The Cure for Comparison
The practice of gratitude is one that can help us counteract comparison, jealousy, and envy. When we strive to live our lives with a grateful heart and spirit, we find that these dangerous things will have no room in our hearts and lives.
It will serve us well never to worry or be envious of the gifts God has given to other people. Instead, we need to concentrate on those gifts He has graciously bestowed upon each of us individually. That way, we don’t waste time or, worse yet, risk falling into the trap of being so preoccupied with someone else’s life and gifts that we neglect and forget to use the ones we have been given.
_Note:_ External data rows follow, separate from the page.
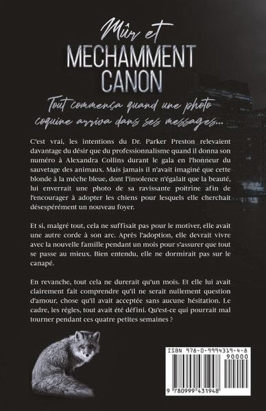 Tout commença quand une photo coquine arriva dans ses messages... C'est vrai, les intentions du Dr. Parker Preston relevaient davantage du désir que du professionnalisme quand il donna son numéro à Alexandra Collins durant le gala en l'honneur du sauvetage des animaux. Mais jamais il n'avait imaginé que cette blonde à la mèche bleue, dont l'insolence n'égalait que la beauté, lui enverrait une photo de sa ravissante poitrine afin de l'encourager à adopter les chiens pour lesquels elle cherchait désespérément un nouveau foyer. Et si, malgré tout, cela ne suffisait pas pour le motiver, elle avait une autre corde à son arc. Après l'adoption, elle devrait vivre avec la nouvelle famille pendant un mois pour s'assurer que tout se passe au mieux. Bien entendu, elle ne dormirait pas sur le canapé. En revanche, tout cela ne durerait qu'un mois. Et elle lui avait clairement fait comprendre qu'il ne serait nullement question d'amour, chose qu'il avait acceptée sans aucune hésitation. Le cadre, les règles, tout avait été défini. Qu'est-ce qui pourrait mal tourner pendant ces quatre petites semaines ?
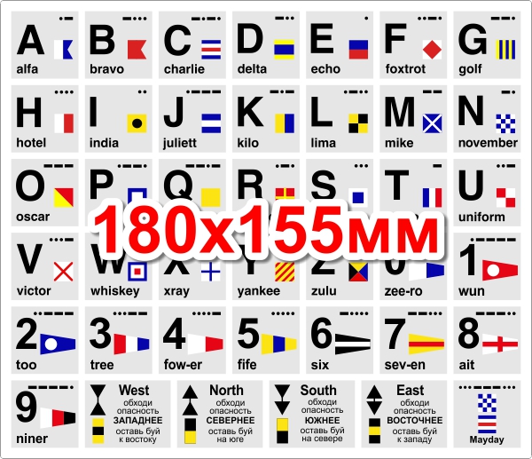 Модель 101714 Наклейка Фонетический Алфавит и Кардинальные знаки 180х155мм
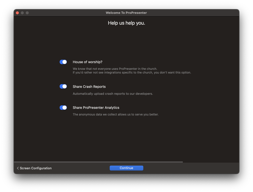 - ProPresenter Analytics 공유 -- 귀하의 경험을 지속적으로 개선하고 강화함에 따라 가장 많은 사용자가 프로그램의 어떤 부분을 사용하고 있는지 알고 싶습니다. 이 옵션을 활성화하면 소프트웨어에서 귀하가 가장 많이 사용하는 기능에 대한 데이터를 보낼 수 있고 함께 미래를 위한 최선의 계획을 세울 수 있습니다.

I love what Father Jacques Phillippe writes in one of his books, In the School of the Holy Spirit:
God loves everyone with unique love, He wants to lead them all to perfection, but at the same time has very different paths for different people. This means that the frequency and characteristics of the inspirations of grace will differ from one person to another. We cannot force the Spirit, God is the master of His gifts.
This means that God is the master of everything in our lives. And He makes no mistakes. So regardless of what your life looks like at this moment, you are never less valued or less loved than any woman who may “appear” to you to have been more blessed than you in different areas.
It’s all about perspective. I am convinced that comparison in any shape or form is truly not from the Lord. Instead, I feel that it is the evil one who loves when we are trapped in the world of comparison. That way, he can manipulate us to be in constant competition with one another, forgetting that, as sons and daughters of the same Father, we are all in this together.
Learning to Live Your Strengths
Years back, I was introduced to a book that has really helped me understand how God has given all of us different gifts and talents for a reason: to serve Him and His people to the best of our abilities (not someone else’s ability).
Living Your Strengths (Catholic Edition), by Albert Winseman, Don Clifton, and Curt Lisveld, will help you discover your God-given talents so you can best serve and inspire your community. This book will also show you how to concentrate on your strengths and not on your weaknesses. The book also comes with a strengths-finder evaluation.
God is not looking for another Mother Teresa. He’s looking to use you, exactly where you are on your journey. But for this to happen, you need to get to know yourself better, discover what you are good at, what areas you thrive the most and so on.
Let us pray that we will learn to keep the thief we call comparison as far away from us as possible.
How do you avoid the trap of comparison on a daily basis? What practices have been helpful to you?